Peter Ekman

Ph.D., University of California, Berkeley, 2016

A.B., Harvard College, 2007

urban, cultural, and historical geography; landscape studies; American and transnational intellectual histories of planning and urbanism; urban, suburban, and regional form; social and geographic thought; histories of knowledge, science, and expertise; materiality and material culture; temporality and historiography; ruins and ruination

E-mail: psrekman@berkeley.edu

Website: psre.us

Peter Ekman is a cultural and historical geographer of urban America. At Berkeley, he has offered four courses: "American Landscapes: History, Geography, and the Built Environment since 1500" (Geography 160), "Walkers in the City: Landscape, Mobility, and Everyday Life" (Geography 170), "Field Study of Buildings and Cities: A New Exploration of the Bay Region" (Geography 182), and "Regions, Peoples, States: On Geographic Inquiry" (Geography 10). He has also taught in the Department of Geography, Environment, and Planning at Sonoma State University, and in the Community Studies Program at the University of California, Santa Cruz. His teaching joins an attention to the materiality of vernacular and designed landscapes (buildings, infrastructures, open spaces, etc.) with a consuming interest in the history of ideas, lay and expert, about how best to study, theorize, visualize, write about, govern, and intervene on those landscapes.

In his postdoctoral work, he has been a Clarence S. Stein Fellow at the Clarence S. Stein Institute for Urban and Landscape Studies, in Cornell University's Department of City and Regional Planning; a Mellon Fellow in Urban Landscape Studies at Harvard University's Dumbarton Oaks Research Library and Collection in Washington, D.C..; a Mauk and Nunis Fellow at the Huntington Library; and a McColl Fellow at the American Geographical Society Library in Milwaukee, Wisconsin. He is completing his first book manuscript, a hemispheric intellectual and political history of postwar urbanism that poses a series of questions about the temporality of what it is to plan the urban future on the basis of knowledge about the past. It reconstructs the intellectual network that codified what at the middle of the twentieth century was called "organized research" on urban life, and it traces the emergence of "urban studies" as a new, composite form of expertise, one that arose as geography departments were beginning to disappear from elite universities in the United States. The book draws on material from several cities but is localized mainly on this country's Eastern Seaboard, as well as in South America and, to some extent, Western Europe.
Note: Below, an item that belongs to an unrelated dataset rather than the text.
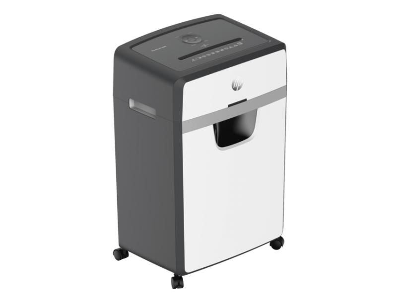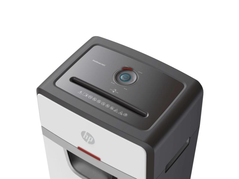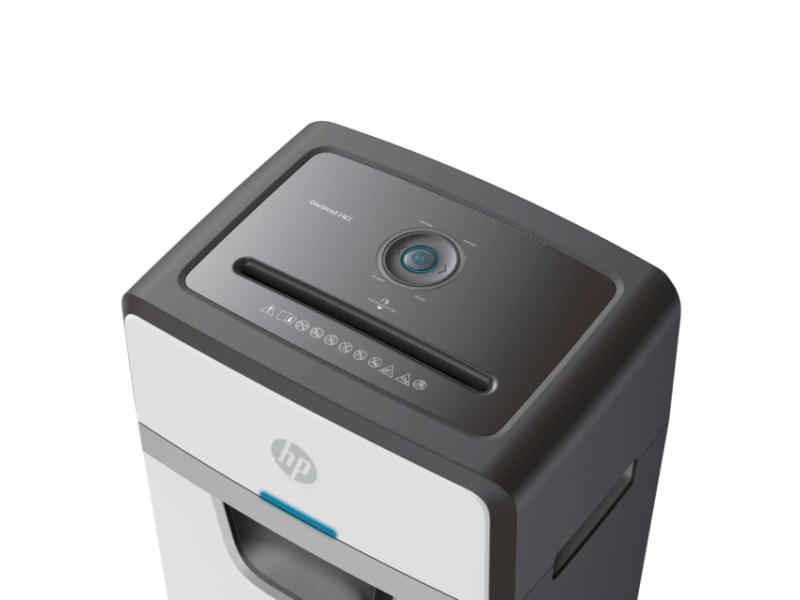 Шредерът HP OneShred 24CC е най-мощният шредер за документи с най-голям капацитет на унищожаване от тази серия. Този професионален шредер унищожава вашите чувствителни фирмени данни, като баланси или данъчни документи, напречно нарязани на малки изрезки с размери 4x35 мм и отговаря на ниво на сигурност P-4. След особено дълго време на работа от повече от 30 минути, професионалният шредер в черен дизайн изисква период на охлаждане, за да се избегне прегряване. Удобният шредер за документи със заключващи се колелца впечатлява с изключително тих работен шум от само 55 децибела и е подходящ за използване в офиси с отворен план.

A second, longer-term book project expands on his dissertation, a study in the material culture of industrial, deindustrialized, and otherwise non-elite suburbs on the eastern fringes of the San Francisco Bay Area.

JOURNAL ARTICLES

2021. “From Prophecy to Projection: The New York Metropolitan Region Study and the Rescaling of the Urban Future, 1956–1968,” Planning Perspectives 36(1): 147–182.

2020. “‘This Scene Is Itself Living’: Buildings as Landscapes in Transatlantic Human Geography, 1870–1970,” History of the Human Sciences 34 (forthcoming in print; published online).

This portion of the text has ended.